Records from a data collection

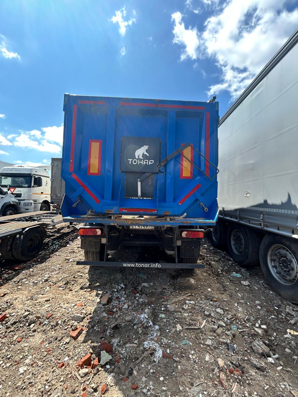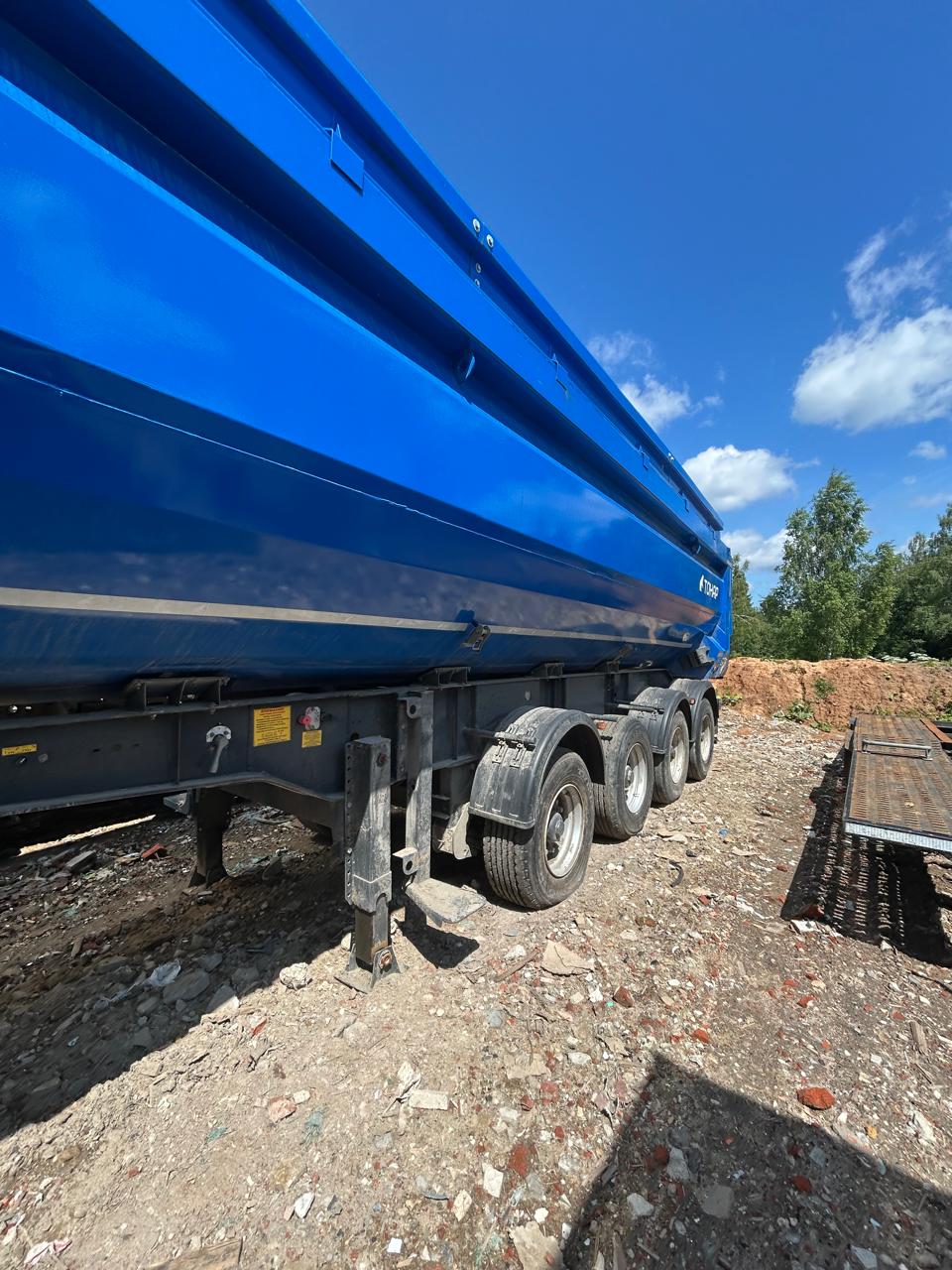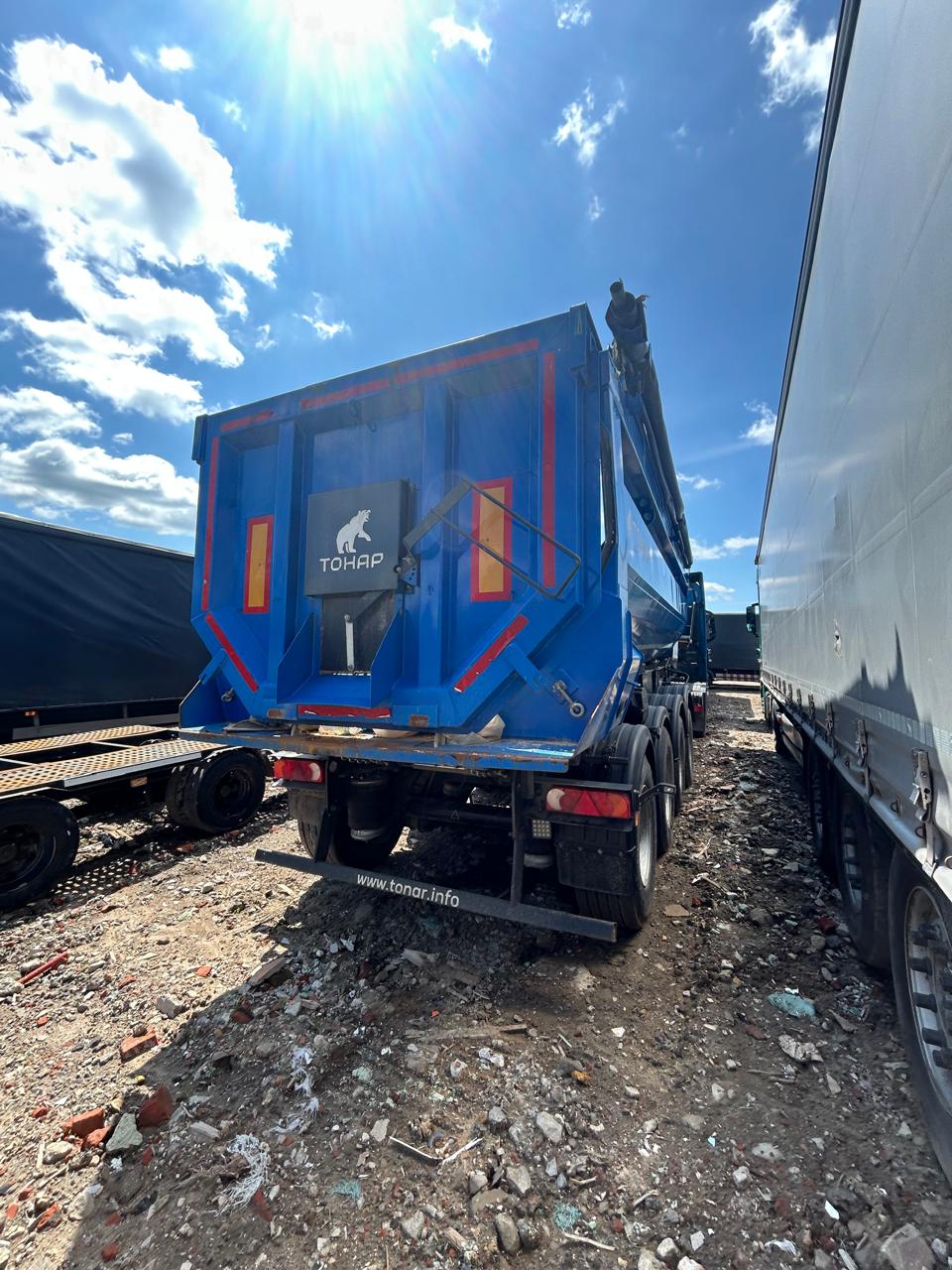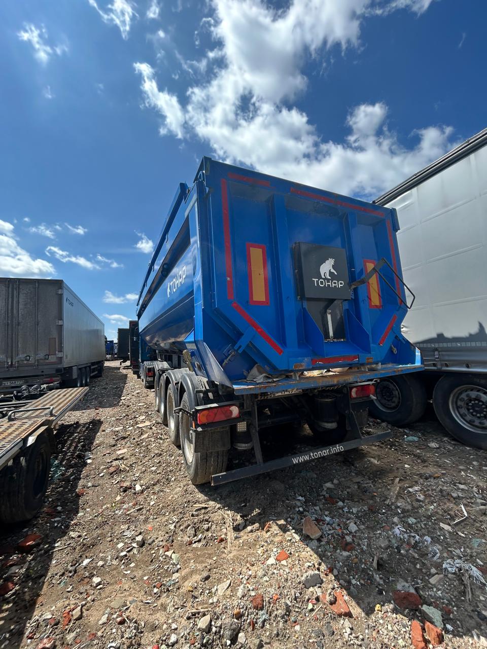 Ответственный за реализацию: Конышев Максим Олегович Номер лота 000009964 САМОСВАЛЬНЫЙ ПОЛУПРИЦЕП ТОНАР SL4-41 с задней разгрузкой ТЕХНИЧЕСКИЕ ХАРАКТЕРИСТИКИ: Модель полуприцепа Тонар 9595 Масса перевозимого груза, не более, кг 27 950 Масса снаряженного полуприцепа (прицепа), не более, кг 8 500 Полная масса полуприцепа (прицепа), не более, кг 36 450 Нагрузка на седло (седельно-сцепное устройство), кг 9 650 Высота седла (седельно-сцепного устройства), мм 1 150/1 250 Длина 10 500 Ширина 2 550 Высота 3 450 Объем загрузочного пространства, м³ 41 КОНСТРУКЦИЯ ШАССИ: 4-осное; оси Тонар; Первая, вторая ось подъемная (ручной режим); Нагрузка на ось 9 тонн (технически допустимая); Блок подшипник; Межосевое расстояние 1310мм; Подвеска пневморычажная; Сцепной шкворень 2 дюйма; Задний противоподкатный брус; РАМА Лонжероны двутаврового сечения Сталь конструкционная низколегированная ТОРМОЗНАЯ СИСТЕМА Барабанные / дисковые тормоза; Рабочая тормозная система - С двухпроводным пневматическим приводом c электронным управлением действующей на тормозные механизмы; Стояночная тормозная система - механический привод с пружинными энергоаккумуляторами на средней и задней осях и пневматическим ручным краном управления; Аварийная тормозная система – механический привод с пружинами энергоаккумуляторами на средней и задней осях к тормозным механизмам колёс. ЭЛЕКТРОСИСТЕМА 24В задние огни в комплекте с сигналом заднего хода, противотуманной фарой, указателями поворота и отражателями света освещение номерного знака габаритные огни щиты отражателей света 2 розетки и розетка ABS ПНЕВМОСИСТЕМА C механическим управлением поднятия/опускания пневмоподвески ГИДРАВЛИЧЕСКАЯ СИСТЕМА Одноконтурная гидравлическая система КОЛЕСА Шины: 385/65 R22,5 160К Диски: 11,75x22,5 Ошиновка односкатная Количество колёс: 8 + 1 запасное ОКРАСКА Все стальные элементы перед окраской проходят дробеструйную обработку Два слоя грунта Краска: двухкомпонентная Стандартный цвет синий Ral 5005 ПРОЧЕЕ ОБОРУДОВАНИЕ Рукомойник Кронштейн крепления запасного колеса Противооткатные упоры: пластиковые, 160 мм, 2 шт. КОНСТРУКЦИЯ КУЗОВА: КУЗОВ Кузов изготовлен из высокопрочной стали. Толщины: стенки 4 мм днище 5 мм Смотровая площадка в передней части полуприцепа Тент, сворачивающийся в рулон на бок
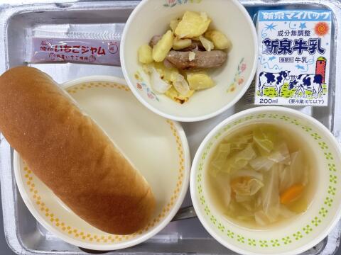 今日の献立はコッペパン・春野菜スープ・ウインナーポテト・いちごジャム・牛乳です。
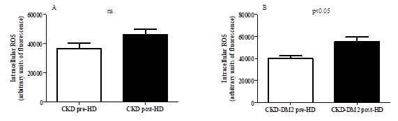 Figure 5 Intracellular reactive oxygen species (ROS) production pre and post hemodialysis (HD) in CKD patients in the absence (A) and presence (B) of type 2 diabetes.
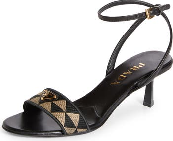 Prada's signature triangular logo is echoed in the jacquard motif of this square-toe slide sandal elevated on a chunky flared heel.
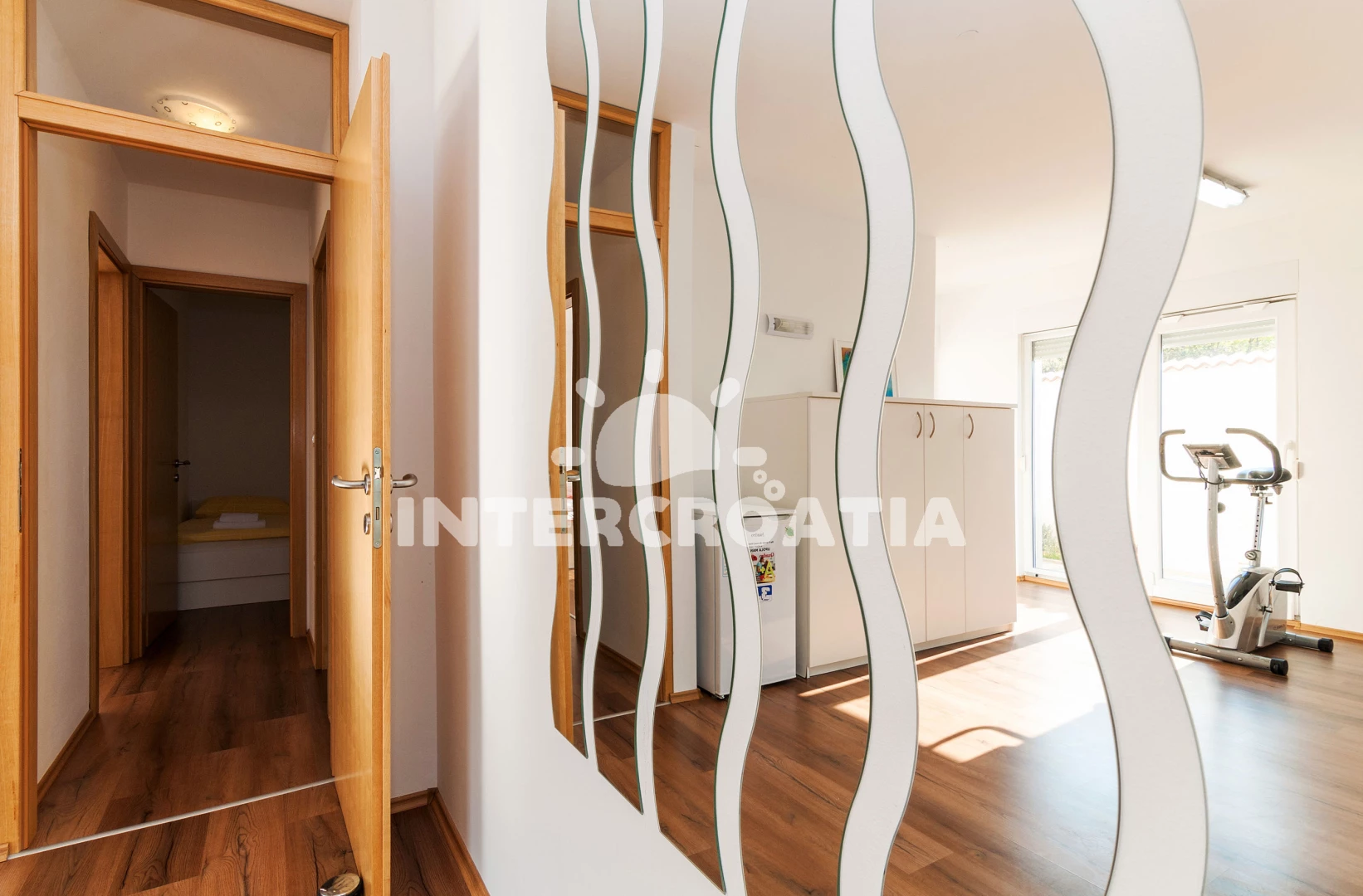 Vzdálenosti: Moře 400 m, pláž 400 m (oblázková a betonové desky), supermarket 300 m, bar 400 m, restaurace 1 km, centrum 1,2 km, veřejná doprava 1,2 km, směnárna 1,5 km, půjčovna kol 5 km, banka 5 km, lékárna 5 km, ambulance 5 km, čerpací stanice 5 km, půjčovna motorových člunů 5 km, pošta 5 km, potápění 5 km, trajekt (Biograd) 10 km, muzeum 10 km, diskotéka 10 km, tenisové kurty 10 km, letiště (Zadar) 40 km,

ASSIGNMENT:
The records above, minus their pictures, are to be returned verbatim.

WRITTEN REPLY:
 Ответственный за реализацию: Конышев Максим Олегович Номер лота 000009964 САМОСВАЛЬНЫЙ ПОЛУПРИЦЕП ТОНАР SL4-41 с задней разгрузкой ТЕХНИЧЕСКИЕ ХАРАКТЕРИСТИКИ: Модель полуприцепа Тонар 9595 Масса перевозимого груза, не более, кг 27 950 Масса снаряженного полуприцепа (прицепа), не более, кг 8 500 Полная масса полуприцепа (прицепа), не более, кг 36 450 Нагрузка на седло (седельно-сцепное устройство), кг 9 650 Высота седла (седельно-сцепного устройства), мм 1 150/1 250 Длина 10 500 Ширина 2 550 Высота 3 450 Объем загрузочного пространства, м³ 41 КОНСТРУКЦИЯ ШАССИ: 4-осное; оси Тонар; Первая, вторая ось подъемная (ручной режим); Нагрузка на ось 9 тонн (технически допустимая); Блок подшипник; Межосевое расстояние 1310мм; Подвеска пневморычажная; Сцепной шкворень 2 дюйма; Задний противоподкатный брус; РАМА Лонжероны двутаврового сечения Сталь конструкционная низколегированная ТОРМОЗНАЯ СИСТЕМА Барабанные / дисковые тормоза; Рабочая тормозная система - С двухпроводным пневматическим приводом c электронным управлением действующей на тормозные механизмы; Стояночная тормозная система - механический привод с пружинными энергоаккумуляторами на средней и задней осях и пневматическим ручным краном управления; Аварийная тормозная система – механический привод с пружинами энергоаккумуляторами на средней и задней осях к тормозным механизмам колёс. ЭЛЕКТРОСИСТЕМА 24В задние огни в комплекте с сигналом заднего хода, противотуманной фарой, указателями поворота и отражателями света освещение номерного знака габаритные огни щиты отражателей света 2 розетки и розетка ABS ПНЕВМОСИСТЕМА C механическим управлением поднятия/опускания пневмоподвески ГИДРАВЛИЧЕСКАЯ СИСТЕМА Одноконтурная гидравлическая система КОЛЕСА Шины: 385/65 R22,5 160К Диски: 11,75x22,5 Ошиновка односкатная Количество колёс: 8 + 1 запасное ОКРАСКА Все стальные элементы перед окраской проходят дробеструйную обработку Два слоя грунта Краска: двухкомпонентная Стандартный цвет синий Ral 5005 ПРОЧЕЕ ОБОРУДОВАНИЕ Рукомойник Кронштейн крепления запасного колеса Противооткатные упоры: пластиковые, 160 мм, 2 шт. КОНСТРУКЦИЯ КУЗОВА: КУЗОВ Кузов изготовлен из высокопрочной стали. Толщины: стенки 4 мм днище 5 мм Смотровая площадка в передней части полуприцепа Тент, сворачивающийся в рулон на бок
 今日の献立はコッペパン・春野菜スープ・ウインナーポテト・いちごジャム・牛乳です。
 Figure 5 Intracellular reactive oxygen species (ROS) production pre and post hemodialysis (HD) in CKD patients in the absence (A) and presence (B) of type 2 diabetes.
 Prada's signature triangular logo is echoed in the jacquard motif of this square-toe slide sandal elevated on a chunky flared heel.
 Vzdálenosti: Moře 400 m, pláž 400 m (oblázková a betonové desky), supermarket 300 m, bar 400 m, restaurace 1 km, centrum 1,2 km, veřejná doprava 1,2 km, směnárna 1,5 km, půjčovna kol 5 km, banka 5 km, lékárna 5 km, ambulance 5 km, čerpací stanice 5 km, půjčovna motorových člunů 5 km, pošta 5 km, potápění 5 km, trajekt (Biograd) 10 km, muzeum 10 km, diskotéka 10 km, tenisové kurty 10 km, letiště (Zadar) 40 km,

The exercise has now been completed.